If you’re company is one that provides integrated safety systems for vehicles today, and you’re looking at research that says there will be activities like those going on in the cabin in the not-necessarily-distant future, then it is important to have information regarding who is where in a vehicle doing what (e.g., let’s face it, someone doing heavy exercise is probably not in the same position of someone who is taking a nap).
(Image: ZF)
To that end, ZF has announced that it is buying most of (i.e., 90%) of a company that specializes in image-based 3D systems for the recording and analysis of human movement, Simi Reality Motion Systems GmbH. Heretofore the company, which was established in 1992 and has 35 employees, has been supplying its 3D systems to organizations related to sports and medicine. The acquisition by ZF will move it into the auto space, as well.
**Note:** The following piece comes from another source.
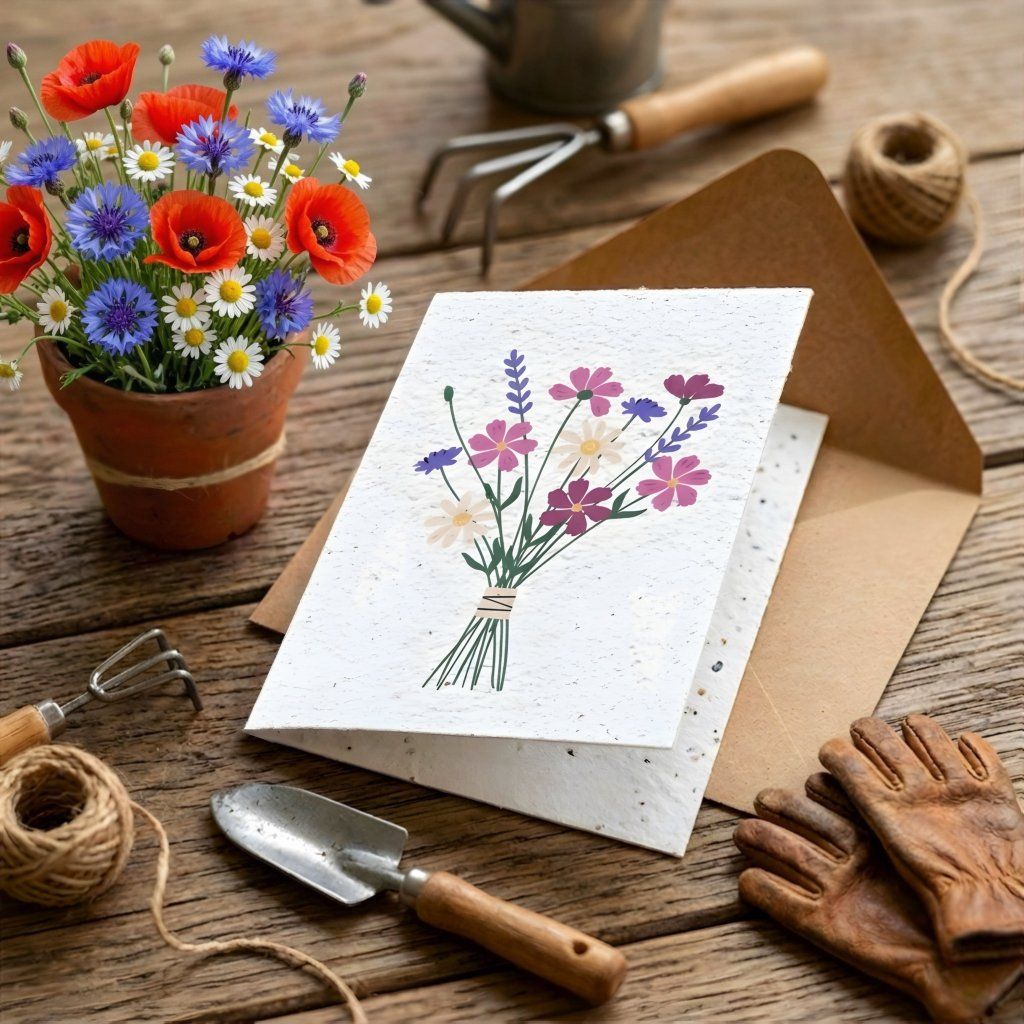 Rostoucí přání s kraftovou obálkou - Pugét květin

Explains Norbert Kagerer, head of Integrated Safety at ZF, “One key to the occupant safety of tomorrow is highly efficient systems for occupant recognition.”
Realize that in today’s vehicles, the design is such that it is fairly well known where the driver is positioned, as well as the passengers, so the deployment of things like airbags is done so as to handle those positions.
But should someone be in the process of reading a book or having dinner, the position may be entirely different than what is the norm.
So, presumably, this is what Simi Reality Motion Systems will help ZF with establishing.